Goodness, that brings back good memeories. I bought my first one of these in 1969 when I was living in Tehran. At the time, it had no motor, but sat on the rails of the Emco Rec combi woodworking kit, and was driven off a shaft from the unit's single 3/4 HP motor. Two years later, having sold the combi and moved to Bonn, I bought the stand-alone Emco-Rex B20, and used it until 2003(!) when I sold it for more than I originally paid for it.
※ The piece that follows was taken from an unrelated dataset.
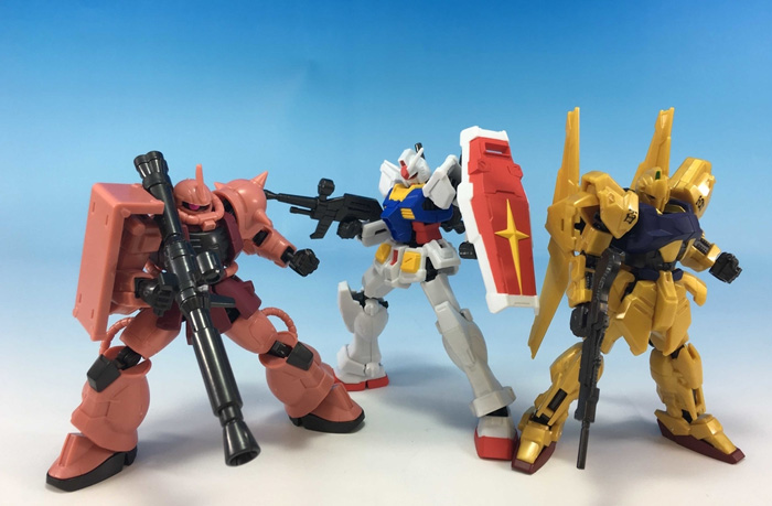 La troisième série a Gundam, Zaku de char, and Hyaku Shiki!
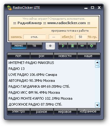 RadioClicker Lite - программа для приёма трансляций онлайн-радио. Кроме приёма радиостанций, RadioClicker позволяет настраиваться на просмотр различных телеканалов, осуществляющих вещание через интернет.

It never gave me a single problem, and the width of the jointer compensated for the short tables. 

The manual went with the machine, but I'd be glad to try to help with any questions.

Cheers and congratulations, Garrett


----------



## jasonB (14 Dec 2005)

Here are the importers of Emco, my engineering lathe is made by them & I can still get spares for it after 20+years.

http://www.emcomachinetools.co.uk/

Jason


----------



## Dave C (14 Dec 2005)

Garrett / Jason 

Thank you both for the for the interest you have shown. 

Garret, I may need to contact you for help in the future as Emco have not yet responded to my emails sent request the O&M manual. 

Jason I will make contact with Pro Machine Tools to see if they can help me resource the O&Ms. 

I hope you, your families and everybody else have a lovely Christmas and get all the things on your wish lists. 

HoHoHo!!! 

Dave


----------



## Newbie_Neil (15 Dec 2005)

Hi Dave

Welcome to the forum.

Hope you manage to locate a manual.

Cheers
Neil


----------